As Discamps et al. (2023) proposed and following the original definition of the term (Efremov 1940), we manifest the utility of taphonomy not only for identifying the accumulating and modification agents but for a critical evaluation of field layers and assemblage integrity. This work demonstrates the usefulness and feasibility of integrating taphonomic results as part of the archaeo-stratigraphic analysis, especially when the statistical analyses, as in this case, do not show very enlightening results by themselves, due to the irregular morphology of the excavated area and its extension.

While the significance of spatial statistics in archaeological site interpretation has been acknowledged for a considerable time (Hodder and Orton 1976; Whallon 1974), its current application in the analysis of site formation and modification processes can be considered relatively limited today (Domínguez-Rodrigo et al. 2014; Carrer 2015; Domínguez-Rodrigo and Cobo-Sánchez 2017; Cobo-Sánchez 2020; Diez-Martín F et al. 2021; Moclán et al. 2023a, 2023b; Arteaga-Brieba et al. 2023). Nevertheless, we must take into account the possibility that, as we have shown, due to constraints such as the excavation area, the statistical results may become consistent only when unified with those obtained in the spatial analysis of the assemblage based on taphonomic modifications.

On the other hand, as we have seen, investigations assessing the spatial distribution in three dimensions is necessary to identify distinct patterns and create spatially consistent stratigraphic units. Both horizontal and vertical distributions of bone surface modifications, lithic remains, and coprolites are studied in the case of the western part of Buena Pinta Cave, using two-dimensional plots, as well as variations in density maps. But also, vertical spatial data has been used as a key part of the analysis to define the different layers. This type of study based on the third coordinate (“Z” dimension), although uncommon, can be seen in works like McPherron et al. (2005), Anderson and Burke (2008), Giusti and Arzarello (2016), or Reeves et al. (2019).

In summary, this discussion highlights the necessity of re-evaluating field layers. Spatial analysis and methodologies specifically, such as statistics or density analysis, play a pivotal role in understanding these intricate archaeological contexts and offer a pathway to more robust interpretations of human behaviour in the past. It has been demonstrated how the use of taphonomy is crucial for the correct identification of different events in the processes of formation and transformation of archaeological deposits.
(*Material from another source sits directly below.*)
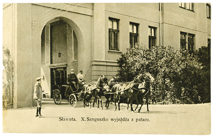 Князь Роман Даміан Санґушко виїздить з палацу. Поштівка.

But also, combining the analysis of lithic remains and coprolites, we demonstrated that offering an alternative perspective of the same sequence, can contribute information that, when amalgamated, enhances our comprehension of the formation processes and stratigraphy.

Conclusions

The revision of the field layers after the excavation process allows us to highly improve the observations made during archaeological field work. In this sense, this work highlights the importance of re-evaluate field layers after excavation using intra-site spatial data and including taphonomic analysis as a tool for a critical evaluation of field layers and assemblage integrity.

Based on taphonomic analyses, with special attention to fossil-diagenetic processes, we have refuted the integrity of the western part of Buena Pinta Cave and consider that the deposit named as level 23 during fieldwork is, in fact, the product of several accumulation processes resulting in three different archaeological levels. Future research will allow us to interpret in a better way the taphonomic importance of both carnivore and anthropic taphonomic agents at Buena Pinta cave in these three new post-excavation identified levels.